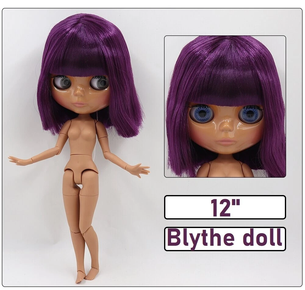 12" Blythe Doll Purple Hair Puppet Dark Skin Shiny Face BJD Toys Christmas Gifts There are just Limited quantity available! Get yours NOW before we run out!!! Step into a world of creativity and magic with our stunning 12-inch Blythe doll! Perfect for collectors and doll enthusiasts, this Blythe doll is ready to captivate hearts with her unique charm and endless possibilities for customization. Features: ✨ Expressive Eyes: Four different eye colors and positions with a simple pull of a string, reflecting her many moods and styles. 👗 Customizable Beauty: Change her hair, makeup, and style to create a doll that’s uniquely yours. 🌈 Premium Quality: Crafted from durable, high-quality materials to ensure she stands the test of time. 📏 Perfect Size: At 12 inches tall, she's the ideal size for both play and display. Why You'll Love Our 12" Blythe Doll: Endless Creativity: Perfect for photography, crafting, and artistic projects, she’s a blank canvas for your imagination. Community Connection: Join a worldwide network of Blythe enthusiasts who share your passion and creativity. Unique Gift Idea: A thoughtful and personalized gift for birthdays, holidays, or any special occasion, sure to delight both children and adults. Bring home the magic of the 12" Blythe doll today and dive into a world where imagination knows no bounds. Embrace the charm, creativity, and joy that only a Blythe doll can offer. Order now and let the adventures begin! Dolls are selling in nude, Not including clothes and accessories.
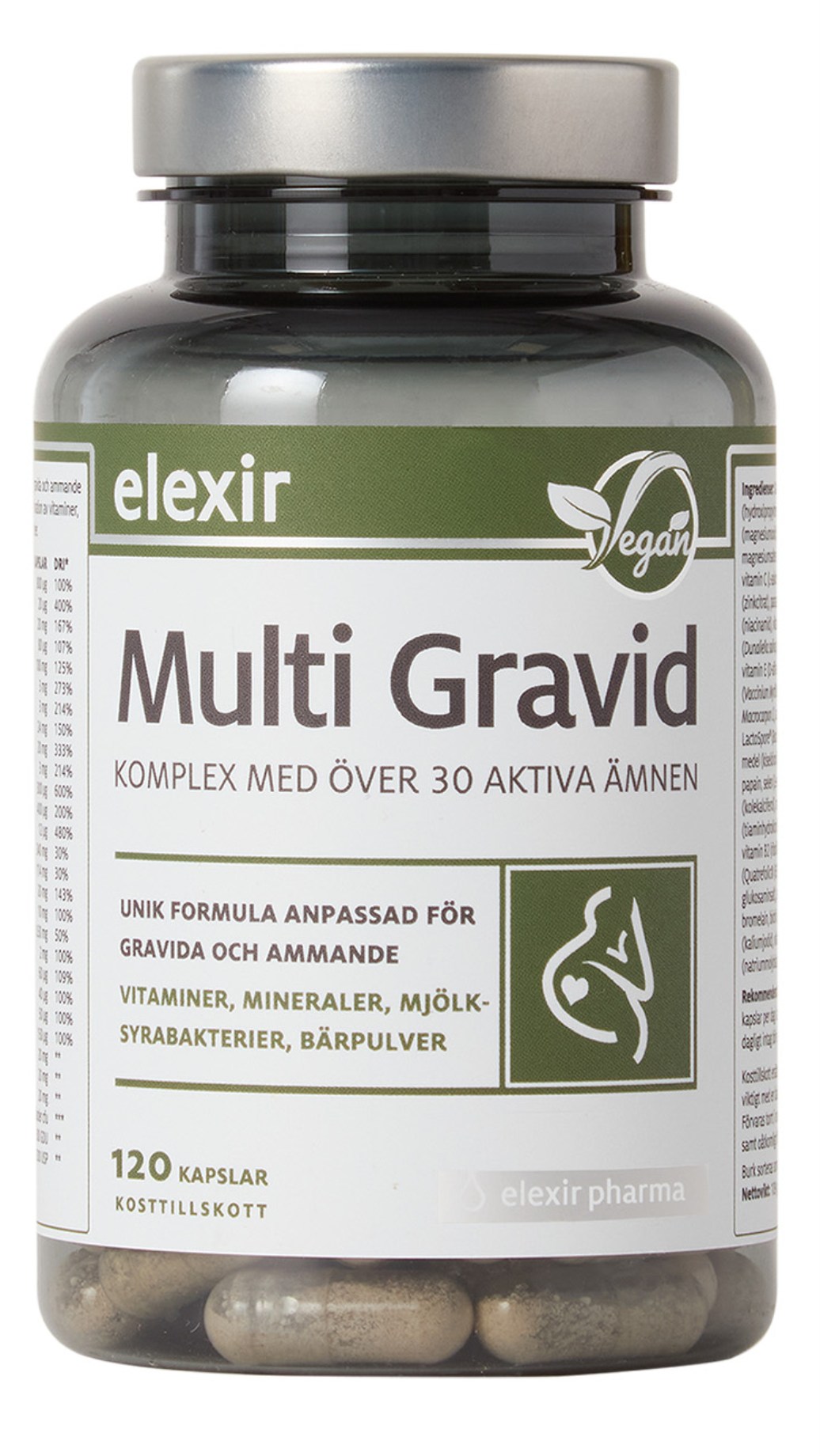 Känn dig trygg under hela graviditeten och amningsperioden med MultiGravid från Elexir Pharma, ett multitillskott med näring från vitaminer, mineraler, bärpulver och enzymer för magen. En allt-i-ett-produkt som hjälper dig på vägen till rätt näring i en av de viktigaste perioderna i livet. Elexir Pharma MultiGravid innehåller samtliga vitaminer och mineraler du behöver i tillräckliga doser för att säkerställa intaget från kosten. Dessutom ingår extra hög halt folsyra och järn som rekommenderas under graviditet. Produkten innehåller metylerad folat (folsyra) som är lätt för kroppen att tillgodogöra sig. Folsyra bidrar till normal fosterutveckling. Järn bidrar till normal blodbildning och syretransport, och ingår i en form som är skonsam mot magen. Dessutom är bärpulver från bland annat blåbär och tranbär tillsatt, för naturlig näring. Även utvalda matsmältningsenzymer och mjölksyrabakterier ingår för magens skull. Använd som ett dagligt tillskott med 2 kapslar per dag.
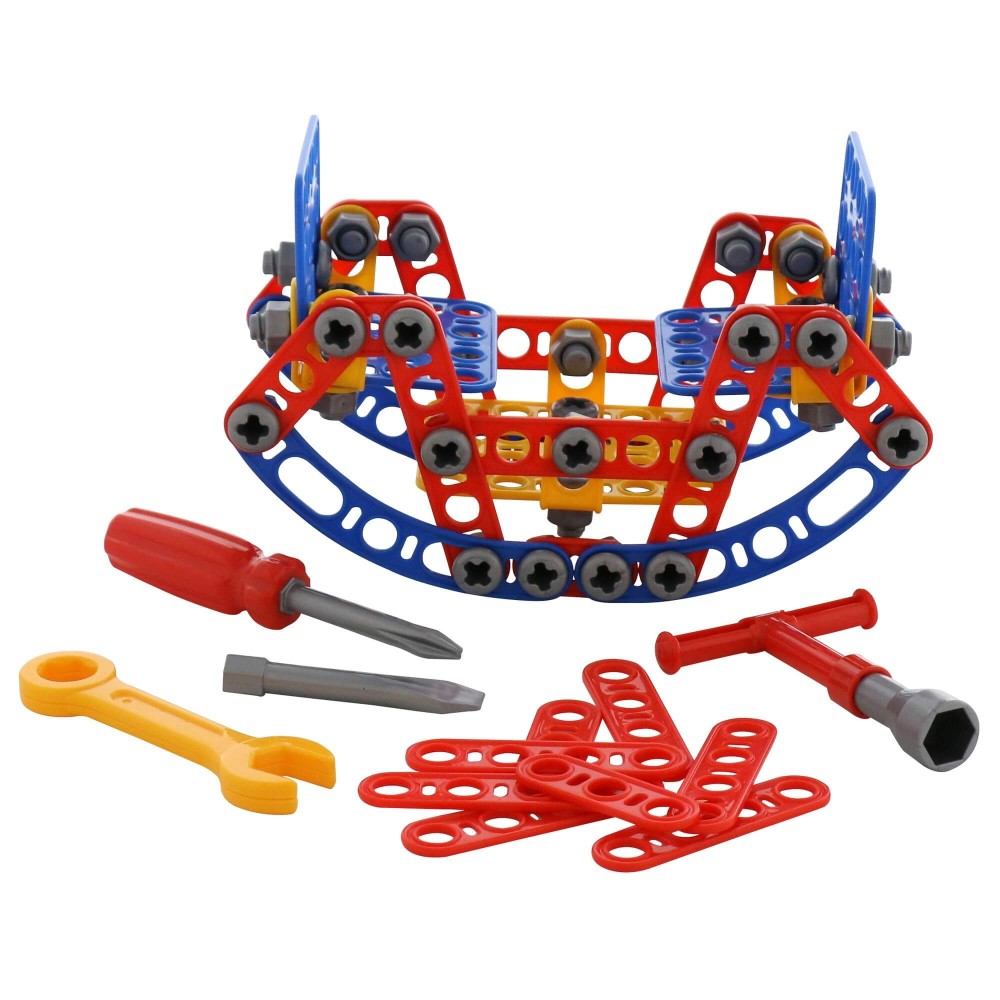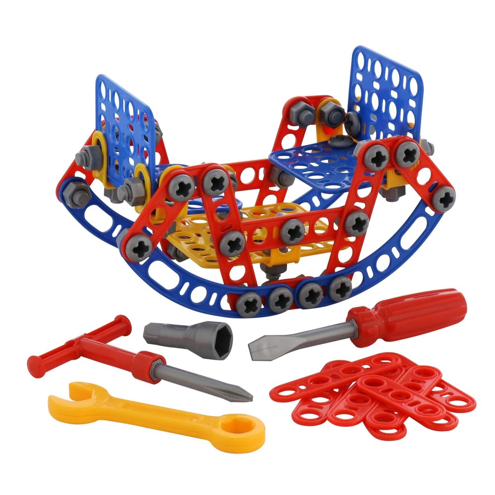 Конструктор «Изобретатель» — «Качели № 2» (121 элемент) от фабрики «Полесье» отличается особым функционалом. Элементы выполнены в виде планок, пазы которых соединяются при помощи болтов и гаек. В комплект конструктора входят подробные инструкции, следуя которым можно собрать модели, представленные на упаковке игрушки. При этом ребёнок будет развивать усидчивость и внимание. Игра с данной серией конструкторов не ограничивается сборкой моделей по инструкции, дети всегда могут попробовать создать что-то новое, используя свою фантазию, пространственное и ассоциативное мышление. Игры с конструктором могут определить будущую профессию малыша, раскрыв в нём творческий потенциал. Все конструкторы серии «Изобретатель» совершенно разные, поэтому из них можно собрать целую коллекцию, которая превратится в творческую мастерскую Вашего ребёнка!
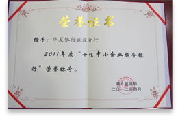 2011年七家分行在政府、监管部门小企业金融服务相关评选活动中获得殊荣。
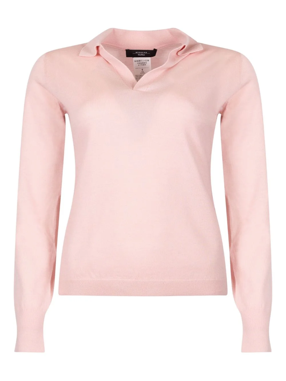 long-sleeve polo sweater Highlights - Light pink - Ribbed edges - V-neck - Long sleeves - Knitted Imported Composition Virgin Wool 90%, Cashmere 10% Washing instructions Read Manufacturer Guidelines
★ ★ ★
**Required work:**
From the listing above, print every entry precisely and drop the pictures.

**Result:**
 12" Blythe Doll Purple Hair Puppet Dark Skin Shiny Face BJD Toys Christmas Gifts There are just Limited quantity available! Get yours NOW before we run out!!! Step into a world of creativity and magic with our stunning 12-inch Blythe doll! Perfect for collectors and doll enthusiasts, this Blythe doll is ready to captivate hearts with her unique charm and endless possibilities for customization. Features: ✨ Expressive Eyes: Four different eye colors and positions with a simple pull of a string, reflecting her many moods and styles. 👗 Customizable Beauty: Change her hair, makeup, and style to create a doll that’s uniquely yours. 🌈 Premium Quality: Crafted from durable, high-quality materials to ensure she stands the test of time. 📏 Perfect Size: At 12 inches tall, she's the ideal size for both play and display. Why You'll Love Our 12" Blythe Doll: Endless Creativity: Perfect for photography, crafting, and artistic projects, she’s a blank canvas for your imagination. Community Connection: Join a worldwide network of Blythe enthusiasts who share your passion and creativity. Unique Gift Idea: A thoughtful and personalized gift for birthdays, holidays, or any special occasion, sure to delight both children and adults. Bring home the magic of the 12" Blythe doll today and dive into a world where imagination knows no bounds. Embrace the charm, creativity, and joy that only a Blythe doll can offer. Order now and let the adventures begin! Dolls are selling in nude, Not including clothes and accessories.
 Känn dig trygg under hela graviditeten och amningsperioden med MultiGravid från Elexir Pharma, ett multitillskott med näring från vitaminer, mineraler, bärpulver och enzymer för magen. En allt-i-ett-produkt som hjälper dig på vägen till rätt näring i en av de viktigaste perioderna i livet. Elexir Pharma MultiGravid innehåller samtliga vitaminer och mineraler du behöver i tillräckliga doser för att säkerställa intaget från kosten. Dessutom ingår extra hög halt folsyra och järn som rekommenderas under graviditet. Produkten innehåller metylerad folat (folsyra) som är lätt för kroppen att tillgodogöra sig. Folsyra bidrar till normal fosterutveckling. Järn bidrar till normal blodbildning och syretransport, och ingår i en form som är skonsam mot magen. Dessutom är bärpulver från bland annat blåbär och tranbär tillsatt, för naturlig näring. Även utvalda matsmältningsenzymer och mjölksyrabakterier ingår för magens skull. Använd som ett dagligt tillskott med 2 kapslar per dag.
 Конструктор «Изобретатель» — «Качели № 2» (121 элемент) от фабрики «Полесье» отличается особым функционалом. Элементы выполнены в виде планок, пазы которых соединяются при помощи болтов и гаек. В комплект конструктора входят подробные инструкции, следуя которым можно собрать модели, представленные на упаковке игрушки. При этом ребёнок будет развивать усидчивость и внимание. Игра с данной серией конструкторов не ограничивается сборкой моделей по инструкции, дети всегда могут попробовать создать что-то новое, используя свою фантазию, пространственное и ассоциативное мышление. Игры с конструктором могут определить будущую профессию малыша, раскрыв в нём творческий потенциал. Все конструкторы серии «Изобретатель» совершенно разные, поэтому из них можно собрать целую коллекцию, которая превратится в творческую мастерскую Вашего ребёнка!
 2011年七家分行在政府、监管部门小企业金融服务相关评选活动中获得殊荣。
 long-sleeve polo sweater Highlights - Light pink - Ribbed edges - V-neck - Long sleeves - Knitted Imported Composition Virgin Wool 90%, Cashmere 10% Washing instructions Read Manufacturer Guidelines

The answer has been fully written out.